Right. so LinkedIn has this feature. It's not brand new, but it's fairly recent. And I don't know if it's a hundred percent accessible on all pages, but it's called notify employees. So it's a button that you can check natively. You can't be using a third party app, which is kind of a bummer, like a scheduling app. But if you post on LinkedIn on your business page. You're an admin, you're posting a post to share out to the world. There's a button that you can have hit notify employees and it will give them on the post. On the yeah. On your page itself. And it will send a notification to your employees that you may want to share this. Now I have had some people have some tricks with this, like clients and businesses that it's just not working. So two things we figured out one, if you are an admin on the page, so maybe a multiple people on your team as admins, it doesn't work.
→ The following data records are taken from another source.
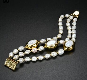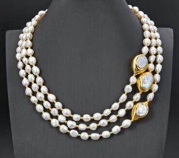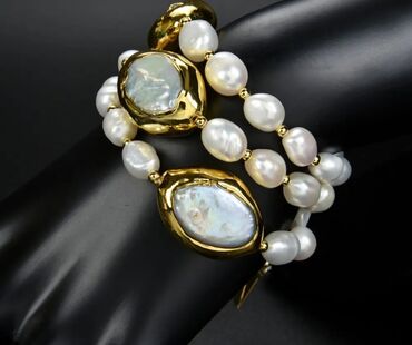 Təbii inci dəst – uzun boyunbağı və qolbaq - material: yumurta formalı təbii ağ/gümüşü incilər - aralıq detalları: qızılı rəngli dördyarpaq (quatrefoil) metal elementlər - qapanma: çiçək motivli d...
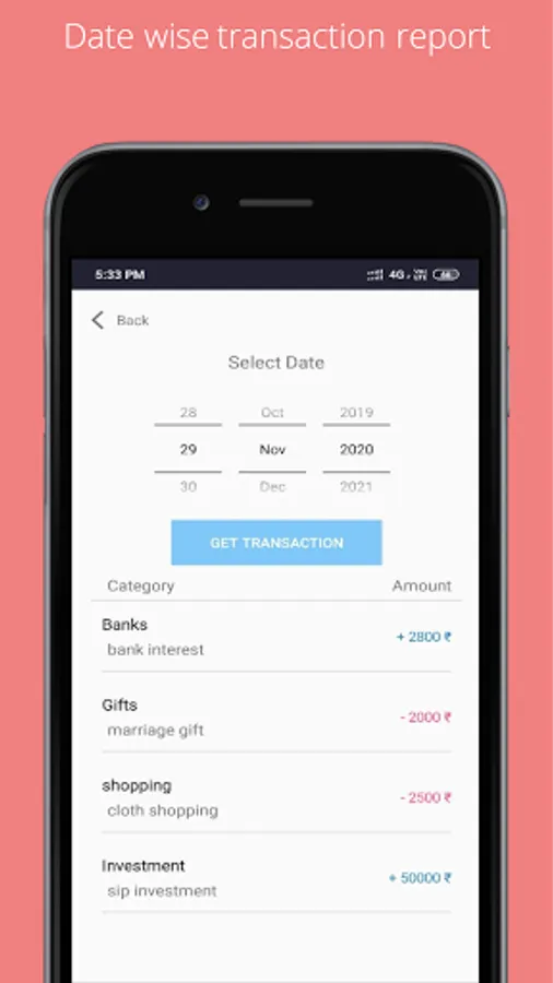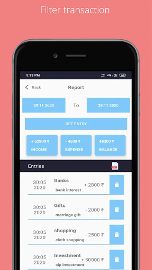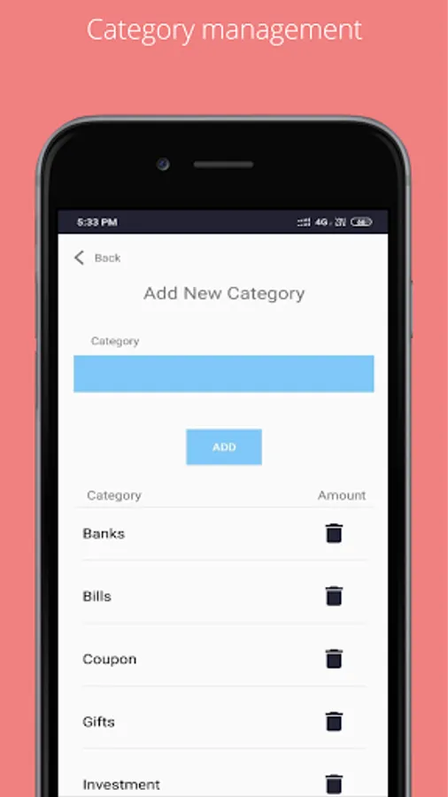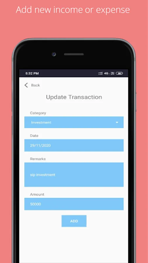 Category wise add your income or expense in app. you can also add/delete category as you want.
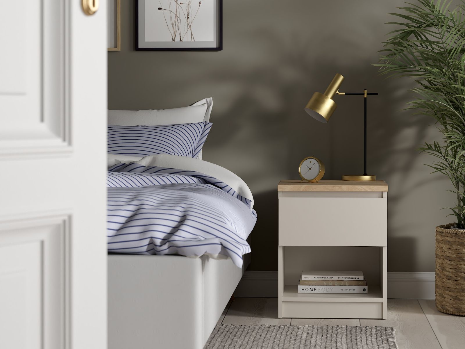 Dankzij het strakke design zonder handgrepen oogt nachtkastje NAIADE modern en verfijnd. De elegante kasjmier kleur in combinatie met het warme jackson eik bovenblad, zorgt voor een tijdloze en trendy uitstraling. Perfect om je slaapkamer een frisse, stijlvolle touch te geven!

It doesn't give them that notification cause they're already an admin. Two, sometimes it just doesn't work. So there is technology, there's just a caveat with it that, you know, it's not a hundred percent foolproof way. And then the other thing to remember is you need to make sure that your employees are connected to the right page. That's what I was going to bring up. There's a lot of times where, for example, if I had my business name on LinkedIn called Chatterkick LLC, and Kelsey said she worked at Chatterkick, maybe LinkedIn didn't connect the two. And so it's kind of tricky to know if it will send the same. Yeah. Right. So big problem. Just FYI, when people do that, it creates a LinkedIn page. Yes, it does. Like if I decide to like write in like it Chatterkick, doesn't pop up and like the list of organizations or I'm not patient enough to wait for it to pop up.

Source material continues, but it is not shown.